Auch die Umweltorganisation BUND forderte ein tragfähiges Finanzierungssystem für den Umbau der Landwirtschaft. "Eine Kennzeichnung allein macht noch keinen Umbau", erklärte Bundesgeschäftsführerin Antje von Broock. Die "Verweigerungshaltung" der FDP gefährde "die Zukunft der tierhaltenden Betriebe", kritisierte sie. Broock forderte zudem die Ausweitung der Kennzeichnungspflicht auf alle Tierarten.
Özdemirs Vorschlag "schafft beim Einkauf kaum Orientierung darüber, wie die Tiere gehalten werden", kritisierte auch der Greenpeace-Landwirtschaftsexperte Martin Hofstetter. Aspekte wie Transport, Schlachtung oder Tiergesundheit seien in den Kriterien nicht berücksichtigt. Özdemir müsse zudem für eine ausreichende finanzielle Unterstützung der Landwirte sorgen.
Verbraucherschützer begrüßten die Vorschläge, forderten aber ebenfalls Nachbesserungen. So forderte die Vorständin des Verbraucherzentrale Bundesverbands (vzbv) Jutta Gurkmann engmaschige Kontrollen. Finanziell unterstützt werden sollten zudem nur Landwirte, die sich an die höchsten Tierschutzstandards hielten.
Die Organisation Foodwatch mahnte eine Reduktion der Anzahl der gehaltenen Tiere an, zudem müssten diese so gehalten werden, dass sie nicht erkrankten. "Ein Siegel, das nur auf die Haltungsform guckt, ist irreführend und blendet die entscheidenden Probleme aus − nämlich den Gesundheitszustand der Tiere", erklärte die Organisation.
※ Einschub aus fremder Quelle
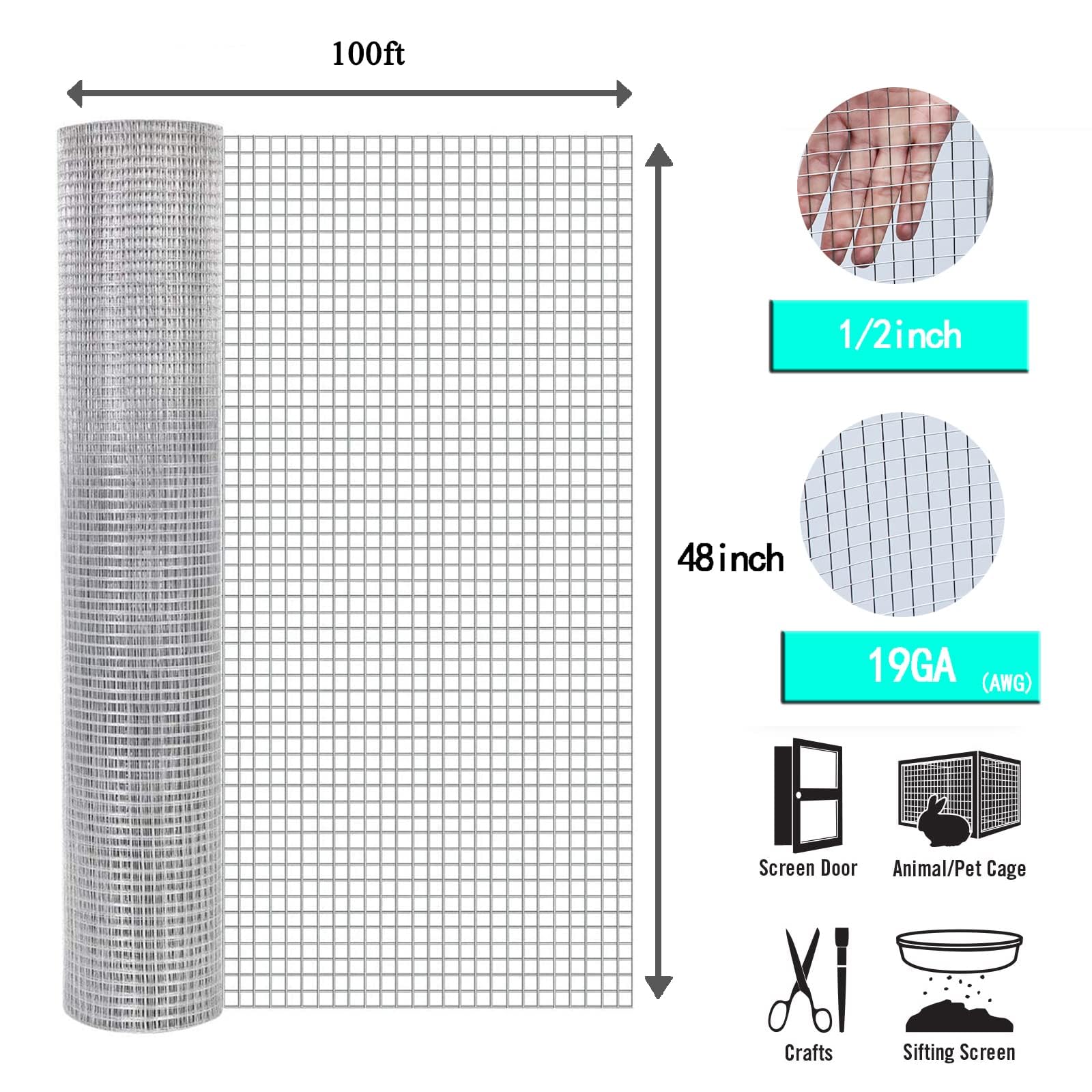 Hardware Cloth 1/2 inch 48inch x 100 Ft 19 Gauge Hot Dip Galvanized After Welding Galvanized Wire Mesh Roll Chicken Wire Fencing Gopher Wire Garden Bed Plant Supports Poultry Netting Cage Snake Fence
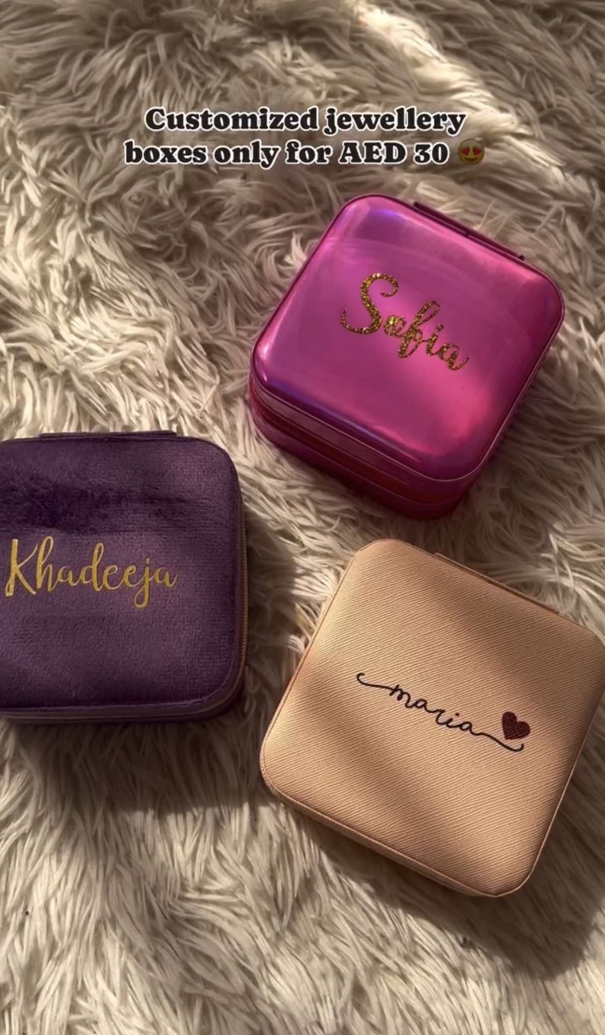 Customized gifts in UAE- including jewellery boxes, eye mask set, glass

Auch der Präsident des Deutschen Bauernverbands, Joachim Rukwied, forderte eine zeitnahe Ausweitung der Kennzeichnungspflicht auf alle Tierarten. "Wir dürfen mit der Schließung der Lücken und der Einführung einer wirklich flächendeckend verbindlichen Herkunftskennzeichnung nicht bis zum Ende der Legislaturperiode warten", warnte Rukwied. Die Kennzeichnungspflicht müsse zudem "mit einem tragfähigen langfristigen Finanzierungskonzept flankiert werden".